Reagan wasn’t made for critics.

I know this, because I wasn’t invited. There was a preview screening, but no critics I know were in attendance; I only know it took place because I almost accidentally stumbled into it on my way to see Kneecap (a film which, to say the least, has a dramatically different perspective on the legacy of Margaret Thatcher). Reagan’s ads trumpet its audience score (98%, likely padded by get-out-the-vote campaigns) while downplaying its critics score (19% and falling). And honestly, why would I see it? I’m a snotty, bleeding-heart film critic writing for a former punk rock webzine– in Massachusetts, of all places– and our time on this earth is so fleeting that I do my best to favor films with at least the possibility of being worth my readers’ time. I was content to go my way and let Reagan go its own.

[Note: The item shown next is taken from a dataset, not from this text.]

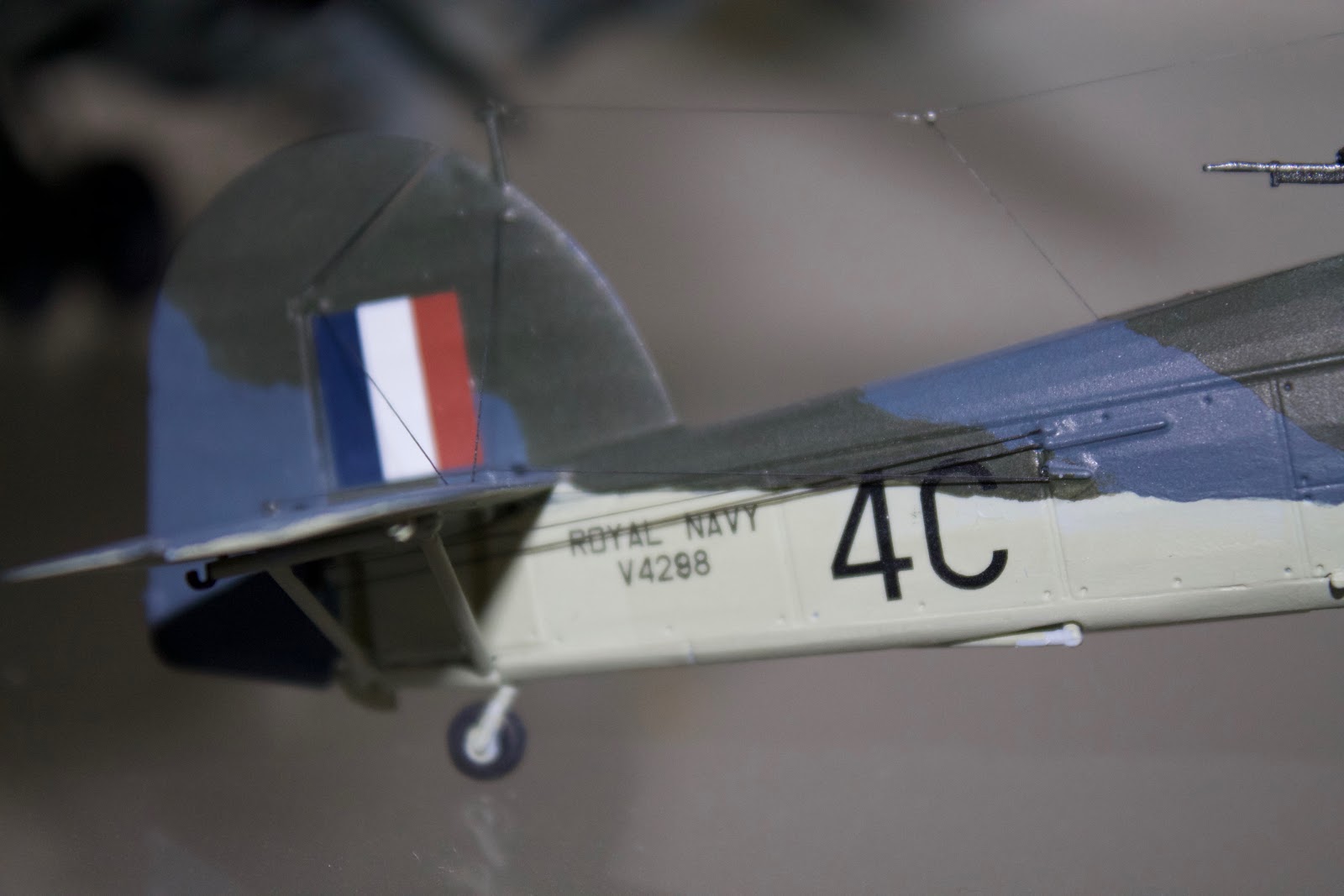 With rare exception, my aircraft models are all 1/72nd scale. I use all three thread diameters. The largest (.03mm) I use for inter-plane flying and landing wires. I apply it by planning my rigging before I build. Well before the paint stage I determine exactly where each flying or landing wire is attached to the wings / fuselage and then drill a .05 mm hole using a drill in a pin vise. I generally don’t go all the way through the plastic, but sometimes it makes sense to do that. On the Airfix Swordfish the wings are thick enough for an upper and lower half, so I certainly drilled all the way through on the bottom wing upper surface, and the top wing lower surface. I also drill at an angle that approximates the angle of the wire as it exists the structure.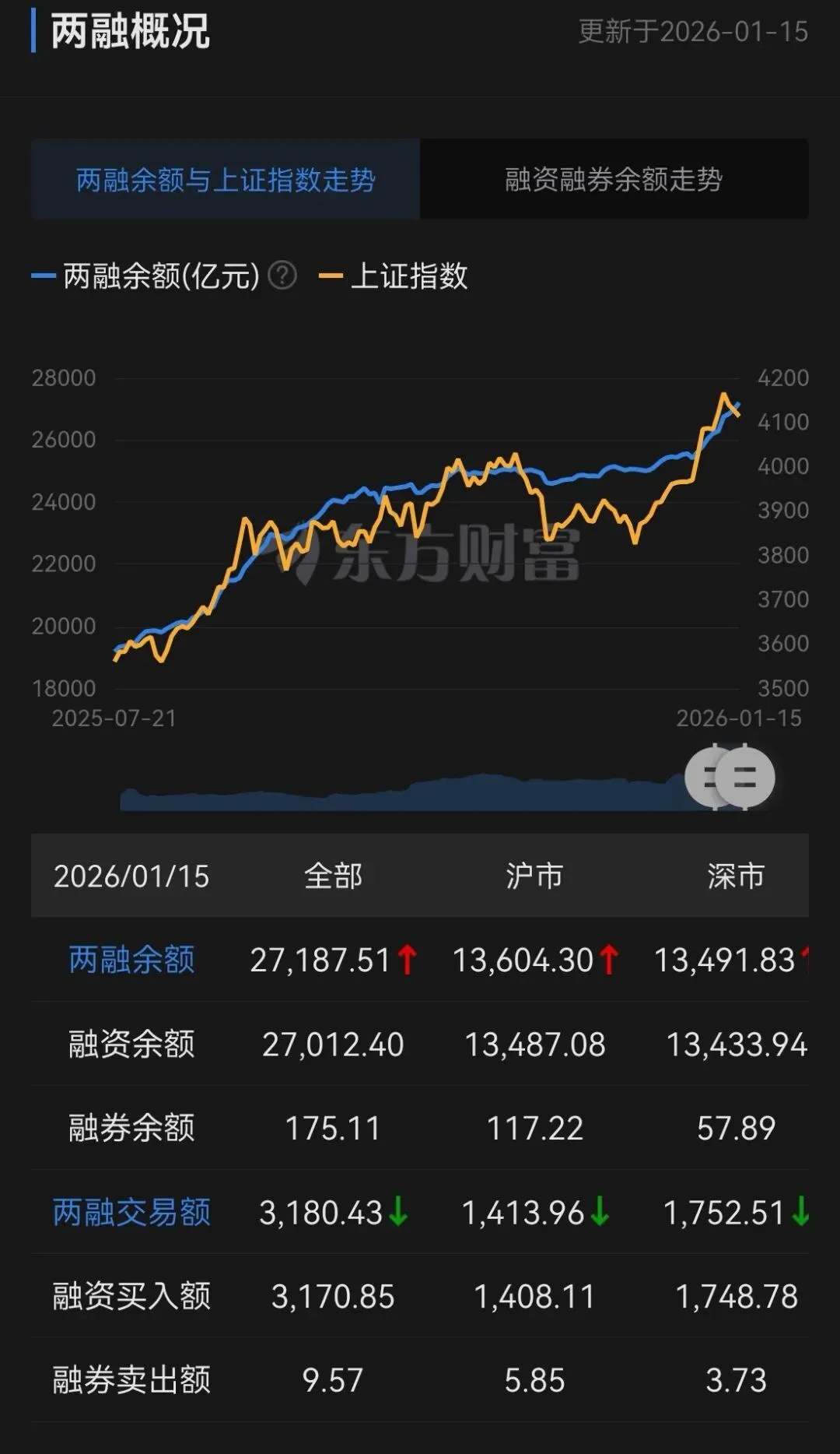 券商现金牛两融余额不是可用而是已用待还1月14日中午收紧两融的突发消息引发了A股的急剧跳水后,股民对两融的关注爆增。圆兔还指出了两融占比流动市值不到3%时踩刹车的用心良苦:目前A股两融占比流动市值不到3%,还可控。万一像2015年那样达到5%的杠杆玩到极致的高点,再去踩刹车就容易翻车了。“两融余额”(融资余额+融券余额)这个叫法容易让股民困惑。它虽然带着“余额”两个字,但指的并不是你账户里剩下还能用的额度。两融余额指的是已使用的额度,它代表市场上投资者通过融资融券业务已经借入但尚未归还的资金和证券的总额。这个叫法源于其金融统计本质。它指的是每个交易日结束后,投资者每日融资买进与归还借款间的差额的累计值。在会计和统计上,这种一段时间内未清偿的负债总额,就习惯被称为“余额”。所以,这里的“余额”更接近“未清偿金额”或“剩余负债”的概念,而不是我们日常生活中理解的“剩余额度”。两融余额就像一份“总欠条”,记录了整个市场在融资融券业务中总共欠券商多少钱和多少券。截止2026年01月15日,两融余额27187.51亿,占A股流通市值2.63%,两融成交额3180.43亿,占A股成交额10.81%。两融余额券是券商的现金牛,有点像银行钱生钱的贷款业务。媒体报道部分大中型券商的两融资金紧张。现在两融利率起步利率都在5%左右,大资金可以谈到4-4.5%,千万级大户可以往4%以下的谈。低利率大环境下,像东方财富前几年除了开户佣金和激进销售之外的第三条财路就是发债低息借钱,然后再两融借给股民赚息差。融资余额增加通常意味着借钱买股票的人多了,反映出市场乐观情绪占主导。融券余额增加则表示借股票来卖出(看空)的人多了,反映出市场谨慎或悲观情绪较浓。融券余额在A股两融余额中占比极低,因此两融余额确实主要反映了投资者“借钱买股票”(即融资)的热情和市场情绪。当两融余额持续增加时,说明有更多投资者愿意借钱买入股票,普遍反映出市场乐观情绪较浓,看多后市。当两融余额下降时,则表明投资者在减少杠杆,偿还借款,可能意味着市场情绪趋于谨慎。需要注意的是,过高的两融余额也意味着市场杠杆水平较高,可能会加剧市场的波动风险。(圆兔投资实录合集新文章发布前圆兔值得记录的操作和感悟会在下方留言区发布。)

Until, at least, I received a text from the Hassle’s own Joshua Polanski, in which he challenged me to watch and review the presidential biopic. Josh was almost certainly joking, but unfortunately this is precisely the sort of dare from which I am incapable of backing down. As much as I delight in seeing the best movies which come out every year, my first love is trash cinema; I devoured the filmography of Ed Wood long before I got around to watching Citizen Kane, and I probably spent at least a full day of my life in various early 2010s screenings of The Room. Nudging me towards watching a terrible movie is like facetiously suggesting a gambling addict withdraw his life savings in Reno, or presenting a recovering arsonist with a box of matches as a gag gift. I was powerless.

And so it was that I found myself in the back row of an 11:00 AM Sunday matinee of Reagan, alongside exactly five other early-risers. I’m tempted to blame Josh for my experience during the following two hours, but I know that I have no one to blame but myself.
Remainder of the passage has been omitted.